[email protected] wrote on
28/04/2009 22:01:23:
> I actually usually compile without thread support. I feel it's safer and
> is more stable, and therefore prefer to compile without threads. I can
> also see that my own builds, without thread support, is considerably
> faster (in terms of eval/sec) than a single threaded build supporting
> threads.

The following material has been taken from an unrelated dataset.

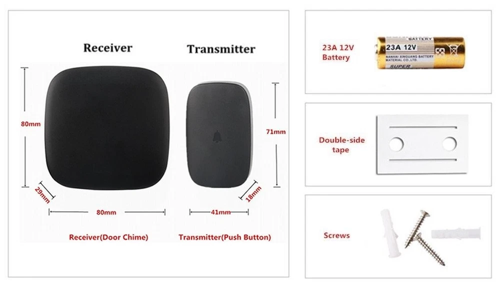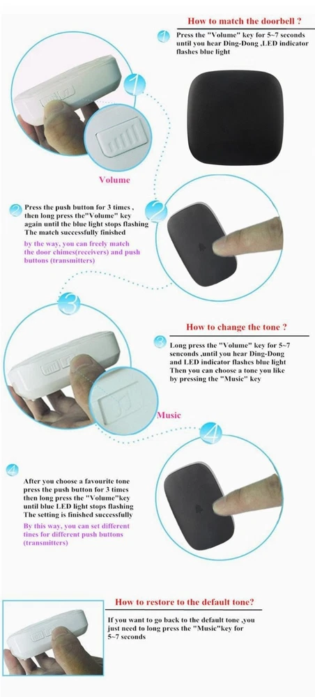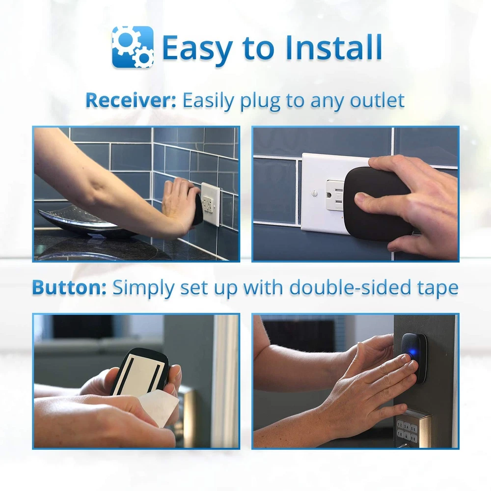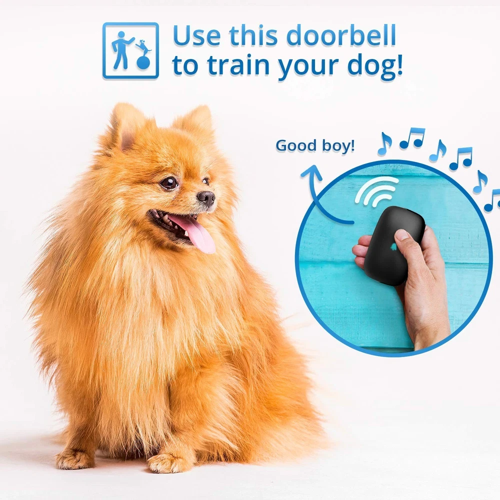 TOUCH ACTIVATED DOG BELL - Unique touch activated dog bells for potty training. Blue LED lights up when touching the touch area of transmitter button. The button is also 100% waterproof, and can be used indoors and outdoors. LONG RANGE AND CUSTOMIZABLE - This wireless doorbell has over 50+ different ring and chimes. Operating range of over 500 feet when indoors (1000 feet in open area). Four levels of adjustable volume from 25Db to 110Db. EASY TO INSTALL - Easily plug receiver into an electrical outlet (no batteries required for main receiver). Use the double sided sticker to stick the transmitter on the door or wall or place anywhere you need. CE, FCC, RoHS certified. GREAT TRAINING DEVICE - This dog potty training door bell works like a charm. Using their noses or paws, dogs only need to touch the door bell gently for it to sound. Teach your dog how to use the dog bell to signal when they need to go outside, potty or bathroom.

I therefore believes the thread code adds some overhead.
>
> The numbers in evals/sec
> My own non-thread build: ~56600 eval/sec
> MaX build single thread: ~48100 eval/sec
Wow, that's a lot !
I double checked here (office PC: Pentium 4, 1 core, 2 threads):
MaX build with single thread : ~32400 eval/s
MaX build with MT code, 1 thread : ~24800 eval/s
MaX build with MT code, 2 threads : ~34600 eval/s
However, a quick rollout (648 trials, expert, full, 2 top moves of postion
t60BYCButycAAA:cAnnAWAASAAA) has shown the following:
MaX build with single thread : 2m04s
MaX build with MT code, 1 thread : 2m04s
MaX build with MT code, 2 threads : 1m48s
Would tend to prove that the "eval speed" code is not really relevant in
threaded case, but overhead for threaded code is neglectible in real
usage.
MaX.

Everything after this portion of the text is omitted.